What Do You Think Is Impeding Haskell From Getting Mainstream Adoption? - lelf
http://www.forbes.com/sites/quora/2014/04/29/what-do-you-think-is-impeding-haskell-from-getting-mainstream-adoption/
======
malandrew
It's missing bugs that most developers consider features. I know that sounds
snarky, but its roughly accurate. Haskell is great for not only what features
the language has but also what features the language does not have. It's
practically impossible to shoot yourself in the foot with it.

Assuming widespread adoption was a goal, I think Haskell could stand to learn
from the Rust community. They could force you to explicitly declare when you
want to write unsafe code. Rust does something like this with pointers. You
need to go out of your way to use an unsafe pointer, but you can do so in the
name of expediency.

I would love it if more language chose to gently coerce me into writing better
code than one that doesn't allow me to write bad code. The former reduces the
learning curve that normally kills adoption. A language you never adopt is a
language you never learn from.

Coding in any language really should be a conversation. Besides executing the
instructions you give it, languages should also be designed to teach you to
code more intelligently and using its idioms.

Just the other day I was thinking about how you would take an abstract syntax
tree and analyze functions to determine which ones are extremely similar and
could be reduced to a fewer lines of code. Take this code from
sequelize/sequelize for example:

[https://github.com/sequelize/sequelize/blob/master/lib/hooks...](https://github.com/sequelize/sequelize/blob/master/lib/hooks.js#L143)

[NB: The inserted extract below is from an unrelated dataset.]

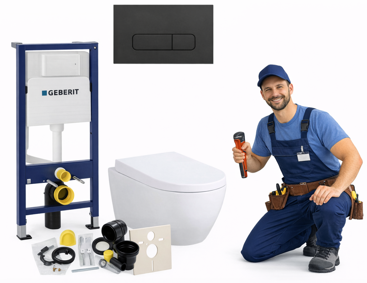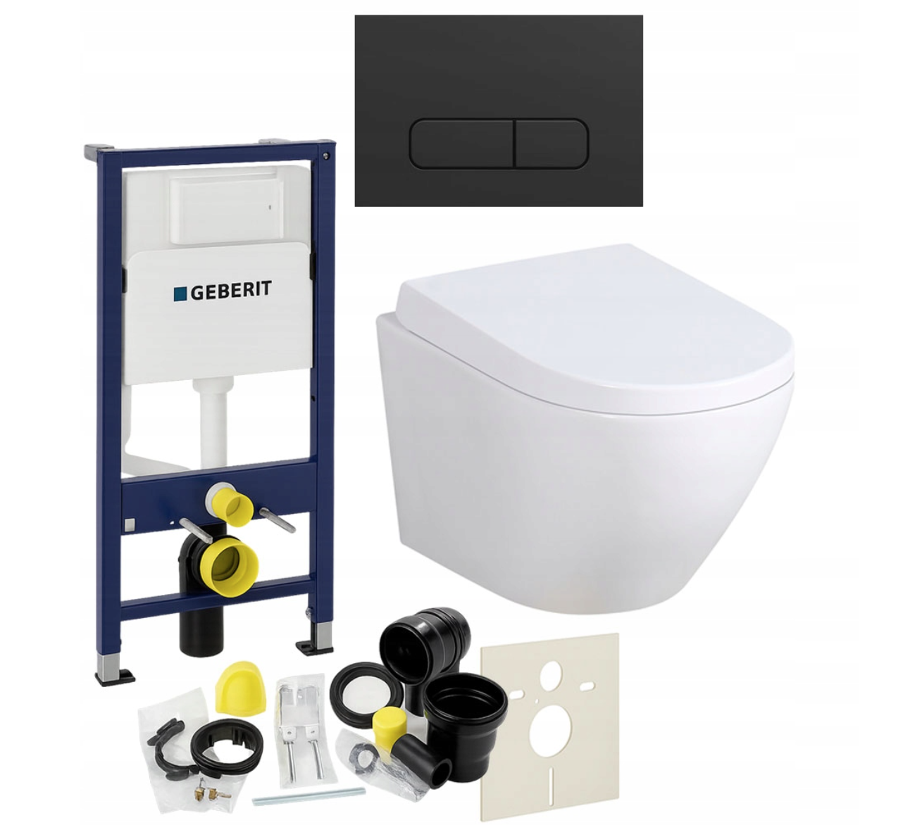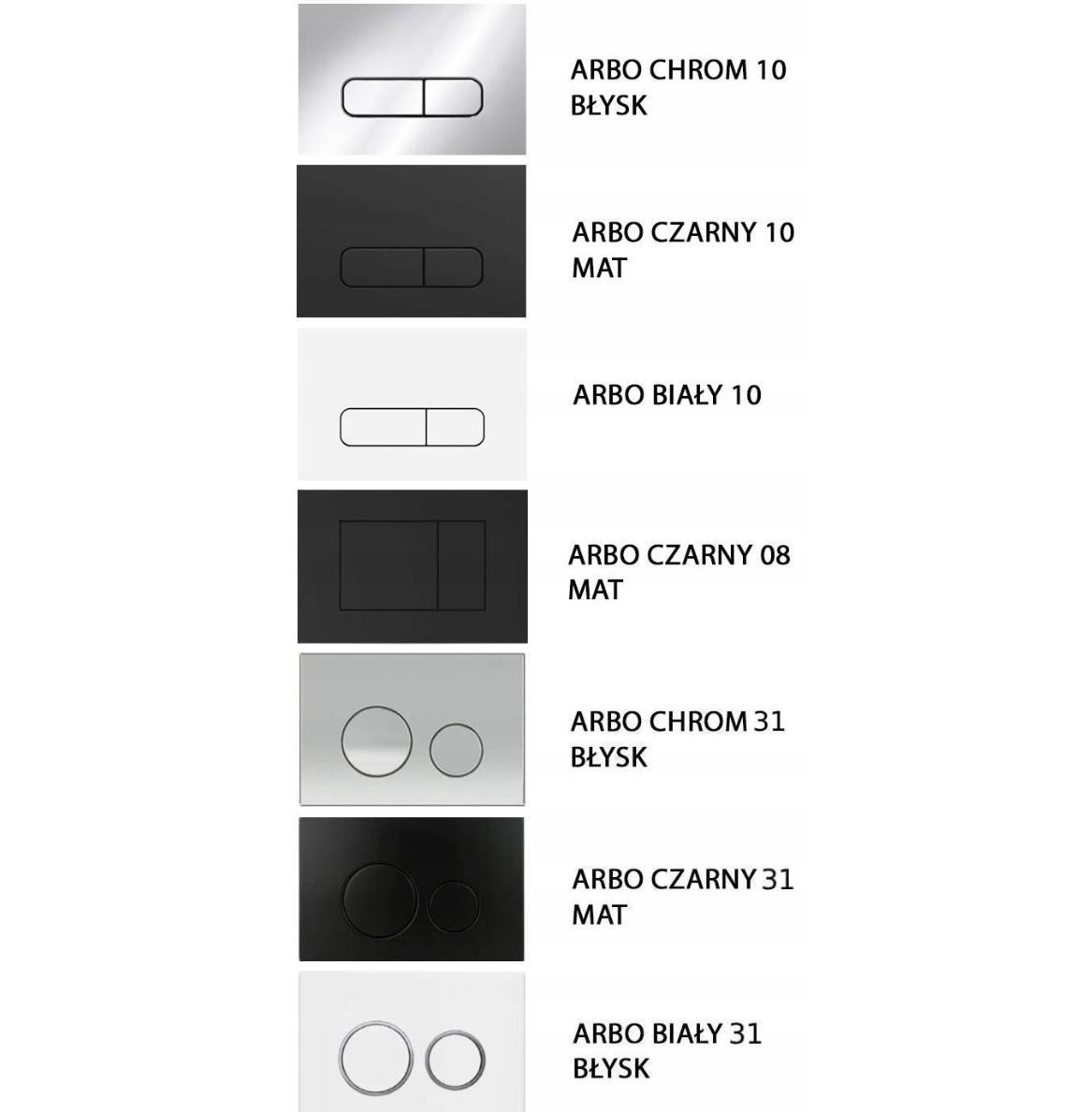 Całość uzupełnia przycisk spłukujący ARBO w wykończeniu czarnym, który podkreśla elegancki i nowoczesny charakter zestawu. W komplecie znajdują się również wszystkie elementy instalacyjne, w tym mata wygłuszająca, zestaw przyłączeniowy (rura, kolanko, uszczelki) oraz zestaw montażowy, co pozwala na szybki i bezproblemowy montaż bez konieczności dokupowania dodatkowych akcesoriów. Zestaw przeznaczony jest do montażu w ścianach murowanych oraz zabudowie z płyt gipsowo-kartonowych i kompatybilny z miskami WC wiszącymi o rozstawie 18 cm lub 23 cm, dzięki czemu sprawdzi się w różnych aranżacjach łazienkowych.

Any sufficiently smart static analyzer should be smart enough to highlight the
reduncy and highlight duplication to make you aware of it and make you think
about how to reduce it. That could could be reduced to this pattern:

    
    
        [ 'beforeValidate', 
          'afterValidate', 
          'beforeCreate', 
          'afterCreate',
          'beforeDestroy',
          'afterDestroy',
          'beforeDelete',
          'afterDelete',
          'beforeUpdate',
          'afterUpdate',
          'beforeBulkCreate',
          'afterBulkCreate',
          'beforeBulkDestroy',
          'afterBulkDestroy',
          'beforeBulkUpdate',
          'afterBulkUpdate'
        ].forEach(function(methodName) {
          Hooks[methodName] = Hooks.addHook.call(this, methodName, name, fn);
        });
    

129 lines down to 16; Even the generation of that array could be reduced to
one that constructs that array from individual words. That would probably be
excessive code deduplication though.

------
narag
The reason PHP got so popular is not it was included with Apache (?) but that
it allowed to _get shit done_ (GSD).

That it got wildly popular is because GSD usually just involved cutting some
example code and pasting it on a web page changing some literal strings.

The GSD thing I would also say of C++, Perl and Ruby. Java, not so much. That
was another story.

About Haskell, I don't know it. But I'm curious: does it allow you to GSD?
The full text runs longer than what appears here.